Wednesday, October 10, 2007

With the BYE week, you have time to read this...

Q-BALLS

Jay Cutler, aka Pumpkin Pie, aka our favorite NFL Pastry, is a smart dude. He’s got a cannon arm and a tough physical frame; but let’s not beat around the bush...Vanderbilt is not some shady, cushy, “Rocks for Jocks 101” football machine that gives athletes a free ride just for showing up. Pumpkin Pie actually had to go to real classes and maintain a GPA to stay eligible. To the point: Vanderbilt is a great university. It is not a great football school.

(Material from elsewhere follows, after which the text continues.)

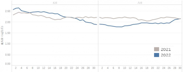 從價格走勢看(圖1),呈現(xiàn)三個特點:一是整體處于低價區(qū)間。6月是我國露地蔬菜生產旺季,全國平均氣溫、平均降水量較常年同期偏高,平均日照時數(shù)較2021年偏多,整體有利于蔬菜生產,供應較為充足,月均地頭價環(huán)比、同比均呈下降態(tài)勢。二是月內上旬呈下降趨勢。6月9日蔬菜地頭價1.78元/公斤,較月初1.90元/公斤下降了6.3%,跌至2022年以來的最低點,比年內最高價(4.21元/公斤)下降57.7%。三是中下旬價格止跌回升。經歷6月10—16日和26—30日兩輪較大幅度上漲,月末價格達到2.16元/公斤,比6月9日價格上升了21.3%。上漲主要原因:一方面,黃淮海及環(huán)渤海等地區(qū)因持續(xù)高溫天氣,設施蔬菜提前拉秧,供應量減少。另一方面,南方持續(xù)降雨影響蔬菜正常生長和采收,江西、湖南、廣西、福建等省部分地區(qū)發(fā)生不同程度洪澇災害,100多萬畝蔬菜受災。此外,受疫情影響的社會性消費開始復蘇,蔬菜需求量增加。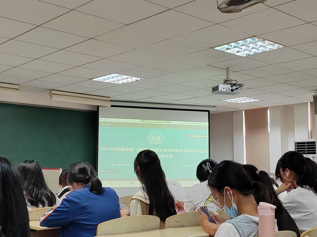 全体新生集中在综合楼506教室参加由湖南省疾控中心副主任陈曦老师主讲的线上讲座—2022年健康中国(湖南)行暨全省高校新生健康知识巡讲(偷拍网

Cutler lost a lot in college. Vanderbilt is to 1-A college football as the Atlanta Hawks are to basketball. Despite Cutler’s record-setting numbers at QB and some close, thrilling games for Vandy, the school was an abysmal 11-35 during his stay. In high school, Cutler’s team romped most of the time, going 26-1 in his last two years and outscoring their opponents by a ratio greater than 8-1, including one game that went 90-0. The guy even played Iron-man football at times, snagging several INTERCEPTIONS on the other side of scrimmage.

What we’re getting at: Pumpkin Pie is strong, he’s smart, and he’s certainly no sissy. However, he’s rarely been in the kind of situations where he can develop a sort of arrogant confidence in himself and in his ability to win no matter the odds. Pumpkin’s alma mater, Heritage High, is the football powerhouse of its region, beating up southwest Indiana’s PAC conference for ten years running. He didn’t have to face much adversity in high school as an efficient star component of an already-loaded team. At Vanderbilt, his team consisted of few stars and many true student-athletes. While Cutler kept them in many games, the Vanderbilt Commodores knew (especially in Cutler’s first 3 years) that losing was the most likely outcome; maybe anything could happen if they put up a fight and tried to keep it close but more likely not. That’s not how championship players are forged, no matter how you slice it.

We’ve obviously never played pro ball, but we’ve been on amateur teams in several sports and we can tell you what you may already know: if your team is bad, you FEEL it. Even if you’re the best QB, pitcher, or point guard in the city, if your team isn’t good enough to beat a better team you’re going to feel it like a flu coming on. It gets into your head no matter who you are, whether you’re Jay Cutler or Jay Nobody. In the movie “The Natural,” Roy Hobbs’ team hires a quack hypnotist to help get a team out of its losing streak. Although the approach is asinine and rejected by the players, the quack makes a point: “Losing is a disease.” That one part was absolutely true. Just because some players are stronger than others doesn’t mean they can’t be affected by losing attitudes.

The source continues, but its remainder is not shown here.